Rule 419 and Offerings by Shell or Blank Check Companies

The provisions of Rule 419 apply to every registration statement filed under the Securities Act of 1933, as amended, by a blank check company. Rule 419 requires that the blank check company filing such registration statement deposit the securities being offered and proceeds of the offering into an escrow or trust account pending the execution of an agreement for an acquisition or merger.

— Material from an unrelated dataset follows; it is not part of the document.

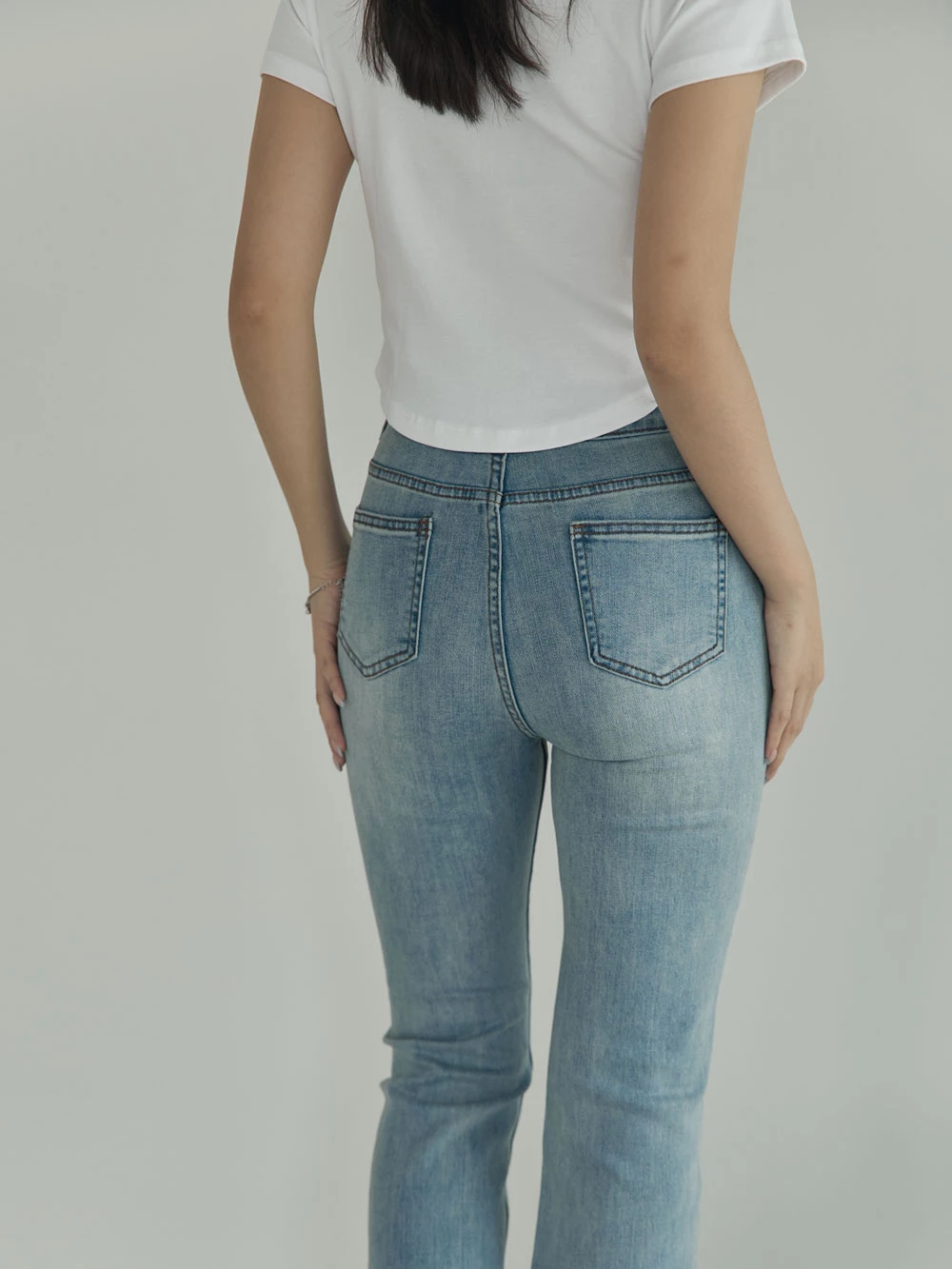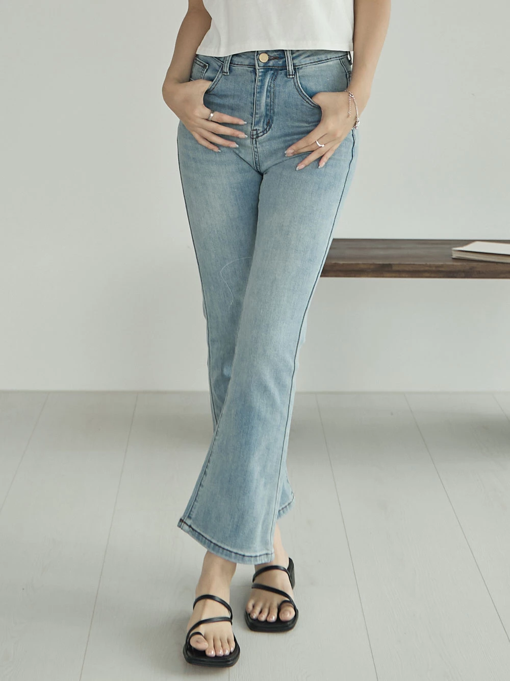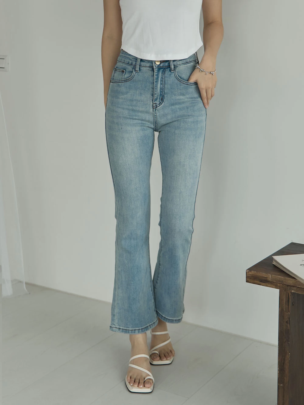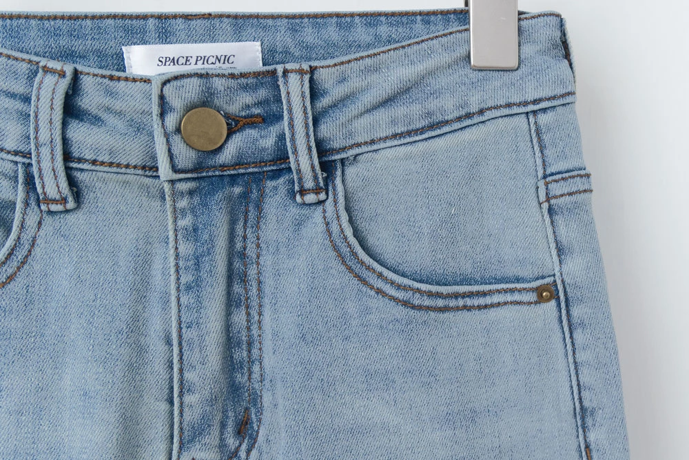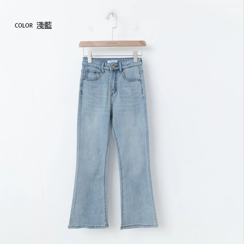 彈性八分喇叭牛仔褲
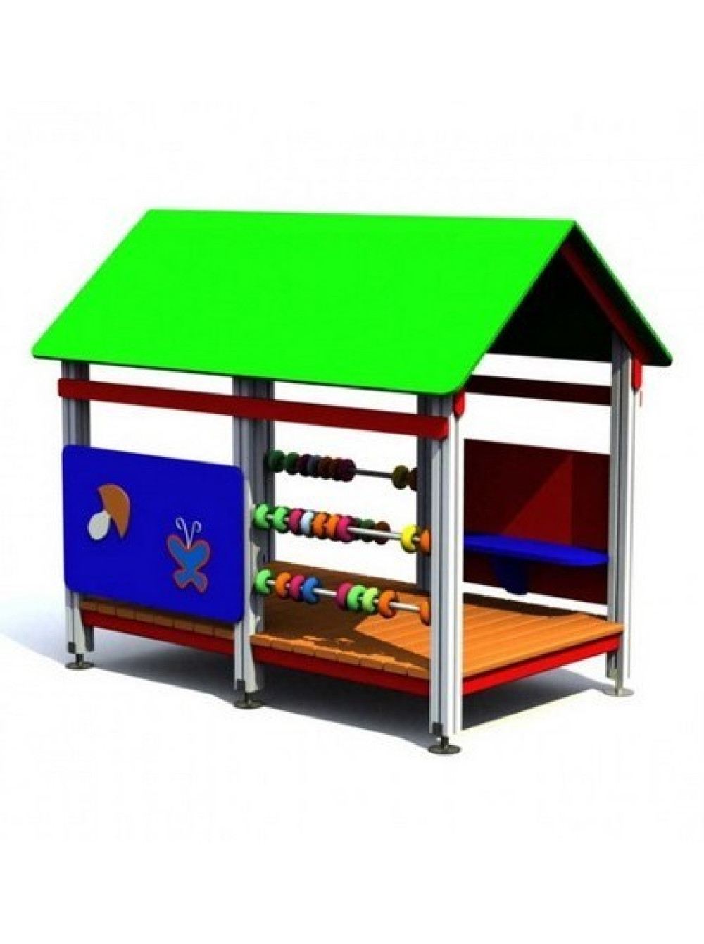 Домик игровой Летний - выполнен в виде открытой веранды с крышей и лавками, внутри которой детвора сможет не только передохнуть, но и укрыться от жарких лучей солнца в полдень или небольшого летнего дождя. К тому же домик оборудован цветными счётами, перебирая которые ребятня сможет размять пальчики и научиться считать.

In addition, the registrant is required to file a post effective amendment to the registration statement containing the same information as found in a Form 10 registration statement, upon the execution of an agreement for such acquisition or merger. The rule provides procedures for the release of the offering funds in conjunction with the post effective acquisition or merger. The obligations to file post effective amendments are in addition to the obligations to file Forms 8-K to report both the entry into a material non-ordinary course agreement and the completion of the transaction. Rule 419 applies to both primary and re-sale or secondary offerings.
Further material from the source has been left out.